Three-Dimensional Numerical Investigation of a Mono-Disperse Droplet Spray Dryer: Validation Aspects and Multi-Physics Exploration

Many studies have been carried out on using computational fluid dynamics (CFD) to explore spray-drying phenomena. However, due to the complexity of the drying process in a conventional spray dryer, including the wide droplet size distribution, complicated particle trajectory, and difficulty in taking online measurements, validation of the computational codes or the models remains a challenging task. In this study, experimental conditions employed in a more defined spray-drying condition, published recently on the spray drying of mono-disperse skim milk droplets in a vertical cylindrical chamber, are simulated using ANSYS FLUENT. We have examined the effects of droplet-dispersion patterns on the drying results and found ways to incorporate more practical shrinkage models into the code to make simulations more realistic. Through a comparison with the relevant experimental results on 10～50 wt% skim milk published recently by the same group, we have identified a few areas that urgently need more detailed research. Using the revised sets of codes established here, we simulated skim milk droplets (with a uniform size between 180 μm to 220 μm) spray dried by 90°C to 180°C hot-air streams. The quantitative drying history data predicted by our new model would help ensure better understanding of the system.     

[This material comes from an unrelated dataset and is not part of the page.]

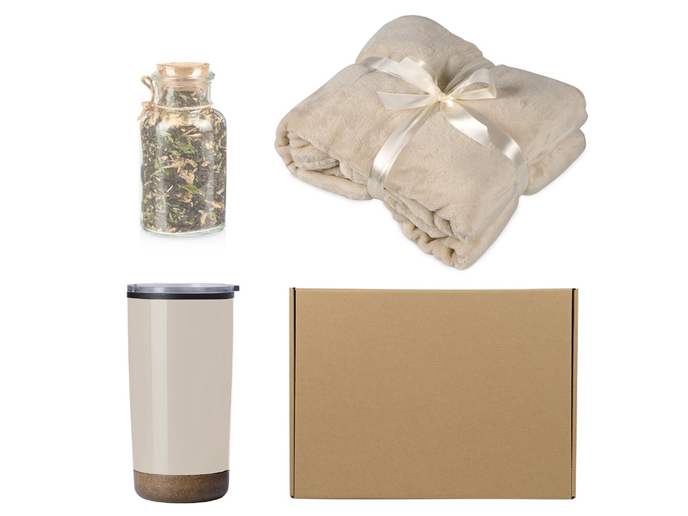 Подарочный набор с пледом, термокружкой и чаем

Dairy Milk Particles Made with a Mono-Disperse Droplet Spray Dryer (MDDSD) Investigated for the Effect of Fat

Mono-disperse droplet generation and subsequent drying in a spray-drying chamber, i.e., mono-disperse droplet spray dryer (MDDSD), provides a better-defined “flight experience” for liquid droplets. The related particle formation can be investigated more easily than that in the usual poly-disperse droplet spray dryer (PDDSD). Previously, skim milk, which is of high protein and high lactose content and is one of the two main dairy fluids that are processed into powder form for consumer markets, was subjected to this kind of investigation in Australia. Here, whole milk, which is the other main dairy fluid, has been spray-dried in a MDDSD set-up at Xiamen University (China). Because the initial droplet size is uniform, measurable, and the particle morphology after drying is consistent, it was possible to investigate the initial solids content effect upon shrinkage and inlet air temperature effect upon shrinkage. In contrast to what had been found for skim milk particles, the formation of the fat-containing (whole milk) particles does not follow the perfect shrinkage model as the skim milk does. This work has improved our quantitative understanding of the whole milk drying process. A fundamental analysis invoked with a modified one-dimensional modeling of spray drying has been given that has shown some further insight about the process.